According to Ralph et al. (2010), precipitation forecasts in complex terrain can be erroneous because of errors in forecasting lower-tropospheric wind direction or the structure of blocking phenomena (e.g., a barrier jet), and cloud microphysics. We have shown that in the case of the WVFT, the controlling-layer wind forecasts were reasonable at component speeds ≤ 10 m s−1, as indicated by the K&A criteria and FBS, with the exception that the barrier jet in the Central Valley, affecting forecasts at CCO, and the gap flows at TDE may not be well represented in the models. Problems with the wind forecasts at greater speeds, as discussed above, could have contributed to overforecasts of the precipitation field at some stations.

Possible weaknesses in the models may include resolution of the terrain, the representation of the thermodynamics of approaching storm systems, and the vertical distribution of moisture. Improved data assimilation to more accurately capture moisture and wind profiles for model initialization and improved modeled physical processes to more accurately resolve features such as barrier jets could be considered. The lack of upstream measurements of wind and water vapor may also be an issue for precipitation forecasts in the western United States.
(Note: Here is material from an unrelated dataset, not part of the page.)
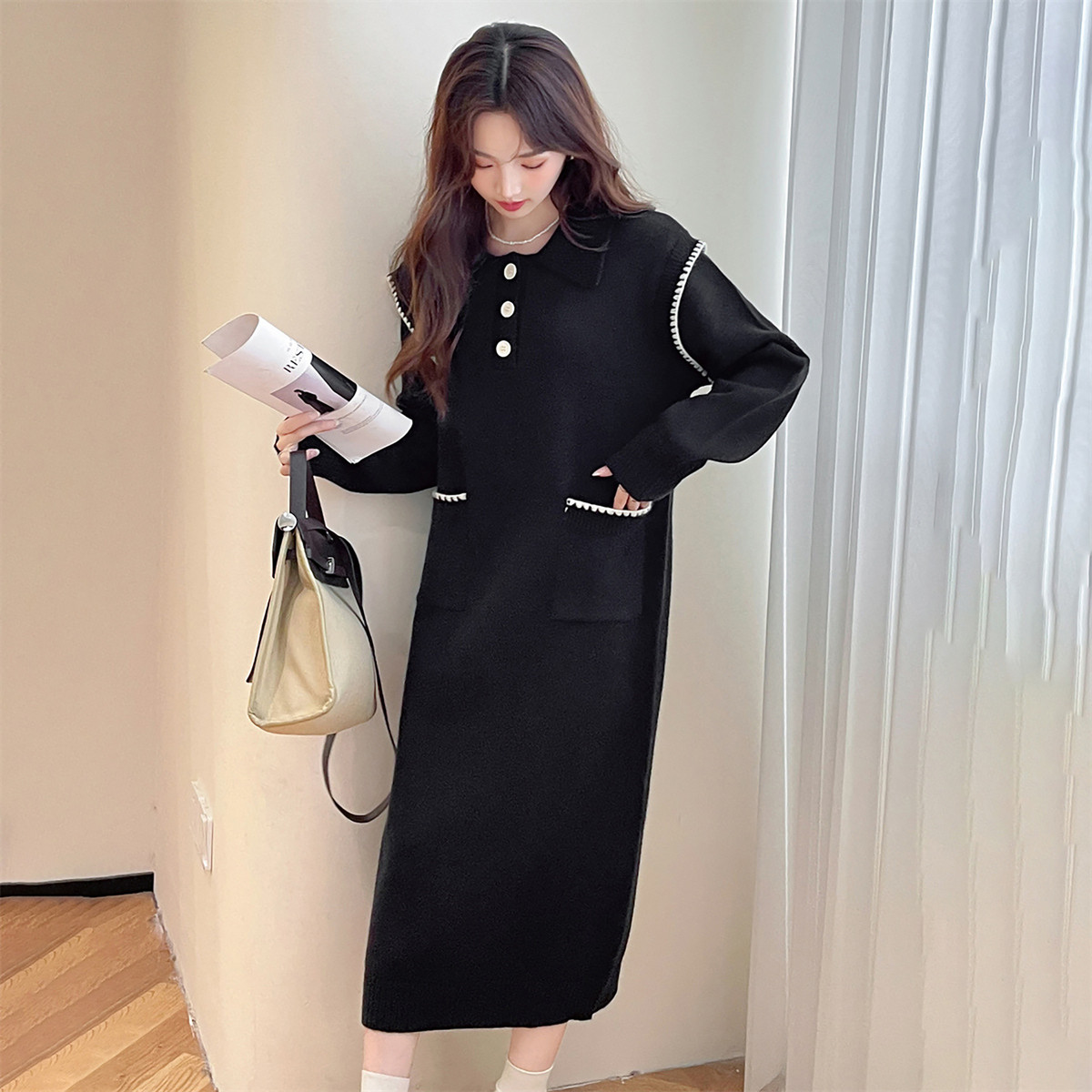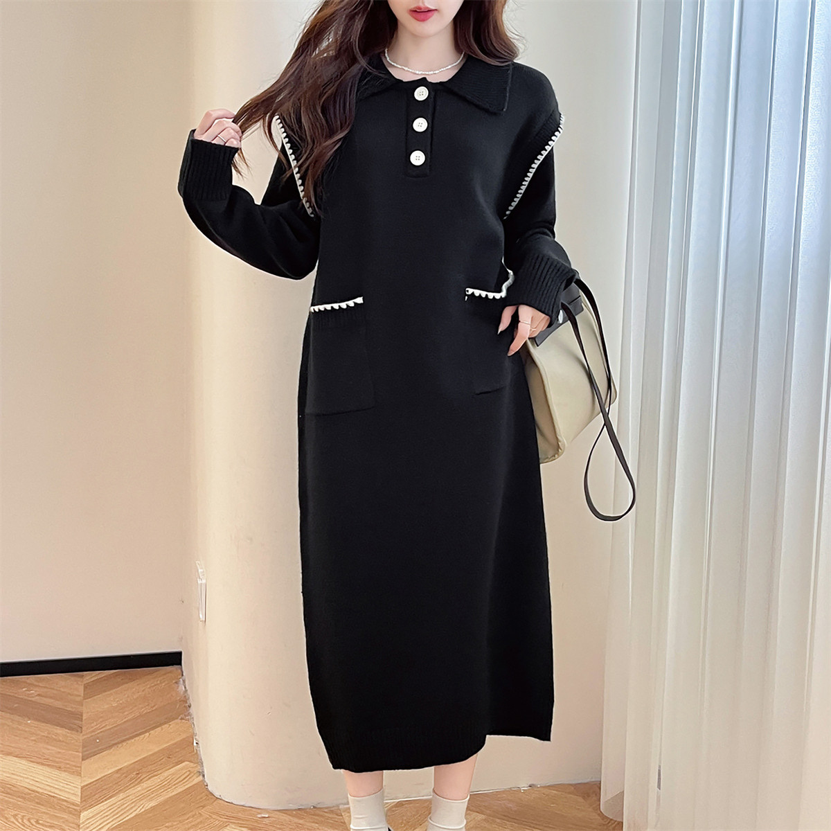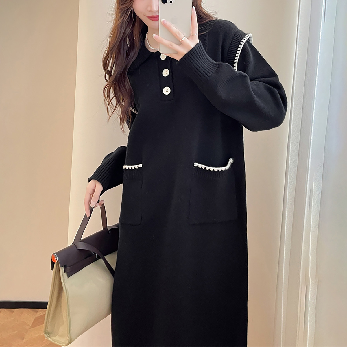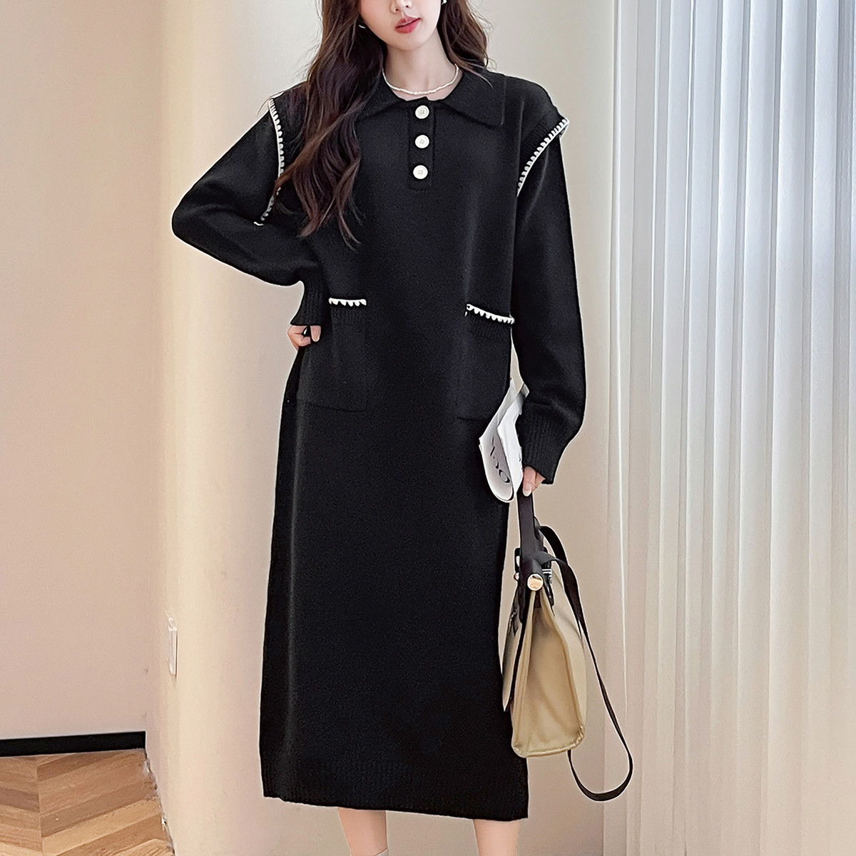 唐狮秋冬休闲舒适翻领连衣裙甜美风宽松超好看温柔系裙子TM

Potential errors in the vertical velocity field (which is an important input for microphysical schemes) will result if the low-level thermodynamic stability is inaccurately forecast by the models. That is, for a site that is dominated by orographic forcing (like CZC), the correctly forecasted upslope IWV flux will only result in the correct QPF if the vertical velocity response is accurately simulated. Likewise, the vertical profiles of vertical velocity and specific humidity can be inaccurately forecasted, even though the upslope IWV flux is correctly forecasted. In this case, the input for a microphysics scheme will result in an erroneous QPF. In addition, for sites that aren’t dominated by orographic forcing, like AST or FKS, using the IWV flux results in even more ambiguities, since the forcing at these sites is not predominantly and explicitly provided by the IWV flux. Even though it is usually coincidental that other forcings (like frontal and synoptic–dynamic) are phased with the total IWV-flux plume, these forcings and the wind field (associated with the flux) are subject to both magnitude and phase lags and additional forecast errors.

We cannot address microphysics in this paper, but this analysis, and others, points to the need for additional research to take place regarding the cloud microphysics packages included in the RAP and HRRR. Previous studies have found that how a forecast model handles graupel aloft (Colle et al. 2005; Lin and Colle 2009), the intercept for snow-size distribution, and the number of CCN (Colle et al. 2005) can cause errors in the forecast of precipitation at the surface. Gowan et al. (2018) found that HRRR precipitation forecasts near mountain ranges in Utah and Lake Tahoe tended to be biased low on the windward slopes and biased high on the leeward slopes, consistent with Colle et al. (2005) simulations over the Wasatch Range using MM5. They point to potential problems with the observations, the model microphysics, or the accurate representation of orographic precipitation processes. Lin et al. (2013) state that “it is a challenge to identify and quantify the sources of precipitation bias.” Their work indicates there are problems with the bulk microphysical parameterizations, as well as issues regarding the freezing level relative to the terrain, with precipitation forecast differences for cold versus warm storms. This is a topic that could be evaluated in the future using PSD freezing-level radar measurements.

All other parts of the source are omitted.